Guidebooks, or even chapters, on Papua New Guinea aren’t numerous. Those my husband, Gene, and I read take pains to reassure travelers on safety issues, but in the capital of Port Moresby, our first stop, we discover the residents of the city don’t share that view. They lock themselves in behind razor wire at night. Only the occasional thief of victim walks the deserted streets then. Why is it so dangerous? High unemployment. Poverty. An inept police force. A breakdown in traditional culture. Has all that happened since the guidebook was written? Besides, wouldn’t a breakdown in a culture that traditionally featured head hunting and cannibalism be a good thing? Not that anyone ever mentions those aspects of the past.
Next on our schedule is Tari, in a remote area of the highlands, the mountains that run down the middle of the island. The highlands are accessible primarily by air. An hour before our flight from Port Moresby is due to leave for Tari, we’re in line at the airport. The three people ahead of us are barefoot.

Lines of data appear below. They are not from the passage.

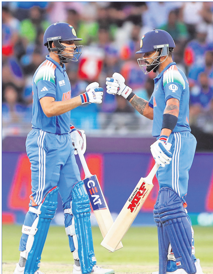
ଆଇସିସି ଚାମ୍ପିୟନଶିପ୍ରେ ଭାରତୀୟ ଦଳର ପାକିସ୍ତାନ ବିପକ୍ଷ ମ୍ୟାଚରେ ଅର୍ଦ୍ଧଶତକୀୟ ପାର୍ଟନରଶିପ୍ ଅବସରରେ ଭାରତର ଶୁଭମନ ବିଲ୍ଲି ଓ ବିରାଟ କୋହଲି।

ଚାର୍ଜେଟ୍ ବଡ଼ ନ ଥିବାରୁ ଭାରତ ସର୍ବୋଚ୍ଚ ସ୍ତରର ସହ ଇନିଂସ ଆରମ୍ଭ କରିଥିଲା। ଅଧିନାୟକ ରୋହିତ ଶର୍ମା ୨୦ ରନକରି ଆଉଟ ହୋଇ ଯାଇଥିଲେ ହେଁ ଶୁଭମନ ବିଲ୍ଲି ଓ ବିରାଟ କୋହଲି ବିତୀୟ ଇନିଂସରେ ୧୬୫-୪
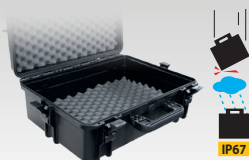
Maletín de transporte 060432
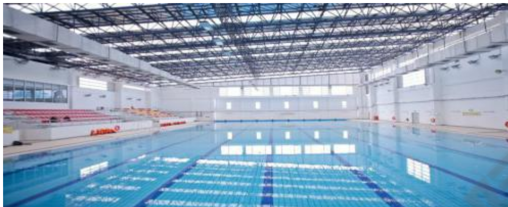
奥 林匹克标准游泳池 Olympic standard swimming pool

Instead of luggage, they check in cardboard boxes, plastic bags, and a large cook pot. Then it is our turn. We present our tickets. The airline employee says he can’t issue us boarding passes. The little prop plane is already overweight. This isn’t something I fretted about in advance since we’re traveling light. It’s the people who checked in ahead of us who aren’t. I feel like I’ve been bumped by a cook pot.
Our disappointment is even more severe because we don’t want to spend another night in Port Moresby. The airline agrees to fly us to Mt. Hagen. That gets us closer to Tari.
In Mt. Hagen, the airline puts us up in the nicest hotel in town and feeds us well, at their expense, but the desk clerk warns us not to go out after dark because of the “rascals,” the quaint Papua New Guinea name for bad guys. In terms of safety, we may as well be in Port Moresby. We’re getting used to being behind movable barriers that are always locked and manned, unlike at home where “gated community” means they are in possession of a gate that’s a decorative element of the entry. I only hope our guards and gates are adequate to any possible invasion.
The next morning at the air strip, we go through the same weighing-in procedure, but this time we get on the flight. The airline, Mission Aviation, is run by Christian missionaries. A woman passes out the latest issue of the mission magazine. There’s an article about one of their flights recently being hijacked by paying passengers, three men wielding guns and knives. It says the hijackers are still at large. I look around at my ten fellow passengers, and wonder if any of them are hijackers. Certainly not the pilot’s wife or their three young children who keep up a running dialog with their Dad in the cockpit. When we first got on board, I was concerned to see two drums of aviation fuel in the passenger cabin with us, but now I look on them as possibly displacing hijackers. The fuel drums occupy four seats of space, right under the “Jesus Saves” sign.
After a thirty minute light over green, green mountains and valleys, the plane lands in Tari. We disembark to an enclosure that appears under siege. Hundreds of people press up to the surrounding hurricane fence, some of them in native dress, most of them barefoot and armed with machetes or axes. I don’t want to go out among the armed crowd. Luckily, that isn’t necessary. A van, from the lodge where we have reservations, waits for us inside the compound. Howard, our driver, explains that the people are still in awe of airplanes. A large group assembles to witness the arrival and departure of all the big birds that carry people in their bellies. I ask, what about the weapons? Howard says the machetes are used both as weapons and in work. He says the axes are killing tools. That certainly sets my mind at ease.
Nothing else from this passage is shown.